To pin down FBXL5 as the key member of the trio for targeting only the disease-causing form of alpha-synuclein, Juan Atilio Gerez, a researcher at the Swiss Federal Institute of Technology in the Department of Chemistry and Applied Biosciences, and his colleagues first showed that brain tumor cells often used in this type of lab experiment produce the SCF trio, including FBXL5 in response to taking up alpha-synuclein fibrils. Together, the rescue proteins, the team confirmed, kick off a process of protein destruction, tagging the alpha-synuclein fibrils to lure breakdown proteins called ubiquitins to the doomed molecule.
In brain tissues from people who actually had Parkinson’s disease, the researchers found that at least two members of SCF targeted Lewy bodies. Turning to mice, Gerez and colleagues showed that introducing the fibrils into mouse brains triggered Lewy body formation, a process that intensified if the FBXL5 component of the trio was not functional.
Understanding how brain cells respond to a threat from alpha-synuclein fibrils is a promising development, Manfredsson says, because manipulating this pathway to enhance the brain’s natural defense holds potential for future therapies.

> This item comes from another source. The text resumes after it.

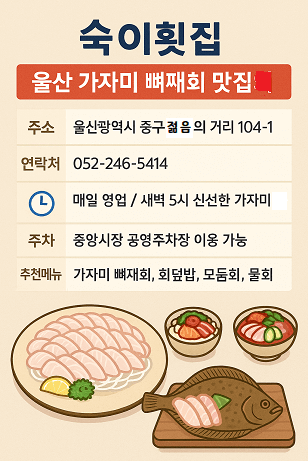 씹는 맛이 살아있는 가자미 뼈째회, 울산에서만 즐길 수 있는 별미를 찾는다면 울산 젊음의거리 숙이횟집이 정답입니다. 매일 새벽 신선한 가자미를 직접 공수하여 제공되는 6시내고향 가자미회는 그 맛과 식감에서 차별화를 자랑합니다.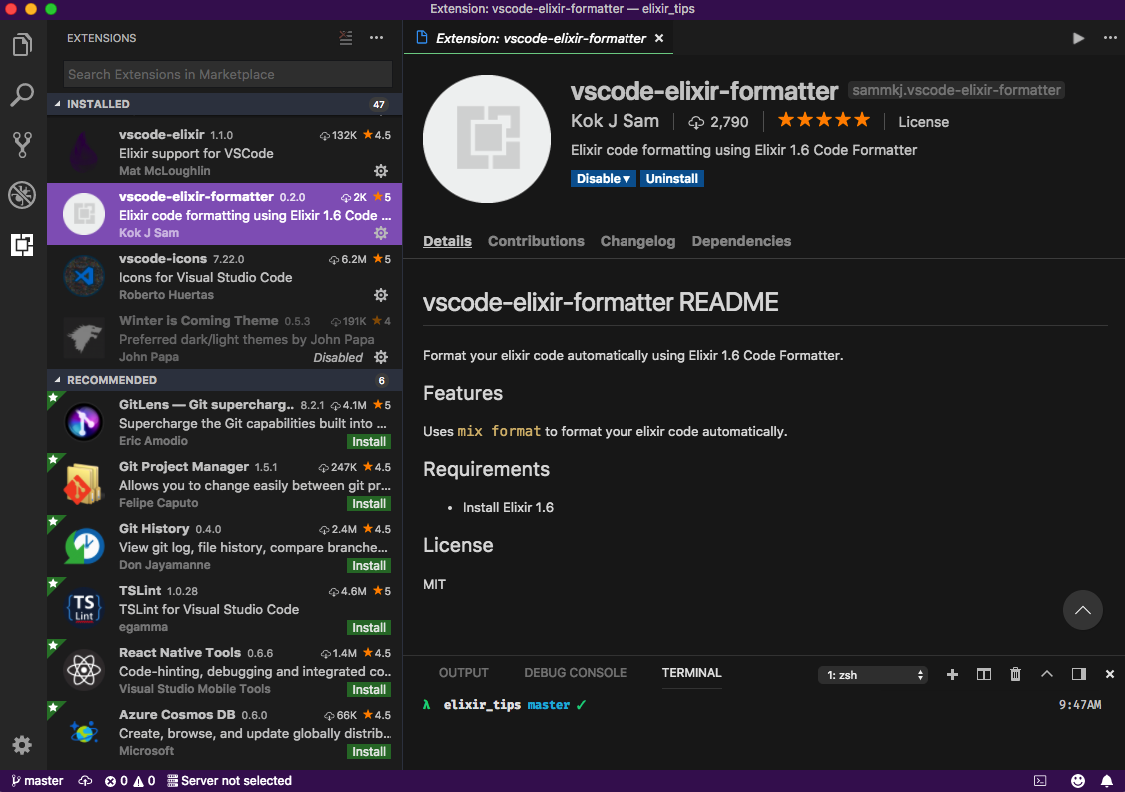 Here I have two Elixir-specific extensions shown, "vscode-elixir" and "vs-code-elixir-formatter". The formatter is new to Elixir and comes with Elixir 1.6+. It automatically formats Elixir code on "save". It corrects the spacing, fixes indentation, and adds parenthesis to remove ambiguity. Another extension worth mentioning is ElixirLS. It provides a fantastic feature set including code completion, dialyzer analysis, debugging support, automatic closing of code blocks, and more. One feature I enjoy is when a new dependency is added to the mix file, it will automatically fetch the dependency on "save". This saves me from having to run mix deps.get each time I want to add a new dependency. In order to perform its duties, it automatically adds a hidden folder ./elixir_ls to the root directory of each Elixir project. It's a good idea to add the folder to .gitignore to keep superfluous development files out of your repository.

The findings arise from work with cells and mice, however, so realizing the therapeutic potential of this approach in humans is, at best, in the earliest stages. “Lewy body formation remains an enigmatic process,” Manfredsson says, adding that these results will require testing by several other approaches before researchers can fully establish clinical relevance.
Gerez says that he and his colleagues are currently doing just that: working with a variety of methodologies to see how activating FBXL5 and its related proteins in various ways affects alpha-synuclein fibril accumulation in different models. One thing the team will have to figure out is whether or not the SCF trio tags anything else. It might have other targets, he says, so even though activating it could clear pathogenic alpha-synuclein, it might affect other biological processes in undesirable ways.